JAKARTA - Investor asing tengah menanti Rupiah kembali pada titik imbangnya. Saat ini mata uang Garuda memang tengah terpuruk. Mengutip Bloomberg pada Selasa pagi pukul 11.00 Rupiah pada perdagangan spot exchange menyentuh level Rp13.885.
Direktur Penilaian Perusahaan Bursa Efek Indonesia Samsul Hidayat mengatakan, selama tiga tahun ini Rupiah mampu bertahan di angka Rp13.000-Rp13.500.
Baca Juga: Rupiah Dibuka Nyaris Tembus Rp14.000/USD
"Apakah kondisi ini akan berkepanjangan, tentunya akan ada rebalancing lagi dari nilai mata uang kita, nah rebalancing-nya ke titik mana, ini kan pertanyaannya," ujarnya di Gedung BEI, Selasa (24/4/2018).
Ketika Rupiah bisa kembali pada titik tersebut, maka Samsul meyakini investor asing akan kembali melakukan rebalancing portofolio.

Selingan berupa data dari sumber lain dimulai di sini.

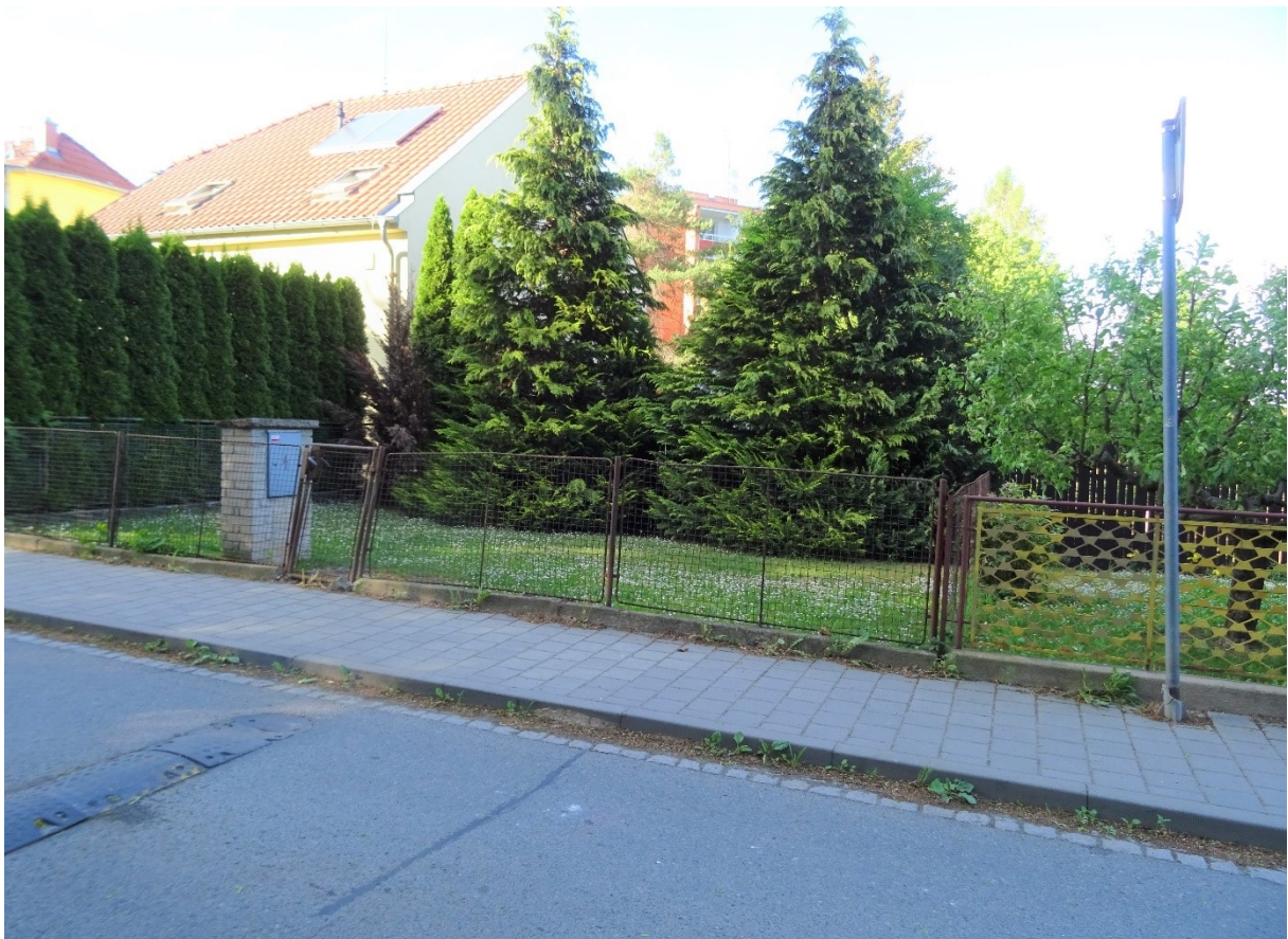
pozemek p.č. 671/2 v k.ú. Bystrc

Rebalancing adalah strategi menyesuaikan kembali alokasi portofolio sesuai tujuan investasi investor.
Ketika Rupiah melemah, ada kecenderungan investor asing menarik investasi mereka dari pasar negara berkembang seperti Indonesia kepada pasar negara maju.
"Pada saat rebalancing itulah investor akan mengkalkulasi lagi kebijakan investasi mereka," ujar Samsul.
Baca Juga: Rupiah Dekati Rp14.000, Agus Marto: BI Sudah Intervensi Cukup Besar
Sebelumnya, pantauan Bank Indonesia menyebutkan bahwa nilai tukar Rupiah terhadap Dolar AS, dari awal tahun hingga periode dua sampai tiga hari lalu mengalami depresiasi hingga 2,23%. Akan tetapi, pelemahan Rupiah cenderung lebih baik ketimbang koreksi mata uang negara berkembang lainnya, seperti Brazillian Real (turun 2,81%), Indian Rupee (turun 3,38%), Philippine Peso (turun 4,15%), dan Turkish Lira (turun 6,54%).
Dua negara berkembang yang masih kokoh terhadap Dolar AS adalah mata uang Thailand, Thai Baht yang menguat 4,01% dan mata uang Malaysia, Ringgit Malaysia yang terapresiasi 3,82%.
Bank Sentral menyebut, pelemahan Rupiah disebabkan oleh sentimen global. Pasar melakukan antisipasi atas kenaikan suku bunga Bank Sentral Amerika Serikat The Fed yang diyakini akan lebih agresif. Di samping itu, gejolak pasar global juga dipengaruhi kenaikan imbal hasil surat berharga Amerika Serikat (US Treasury) yang hampir mencapai 3,0%.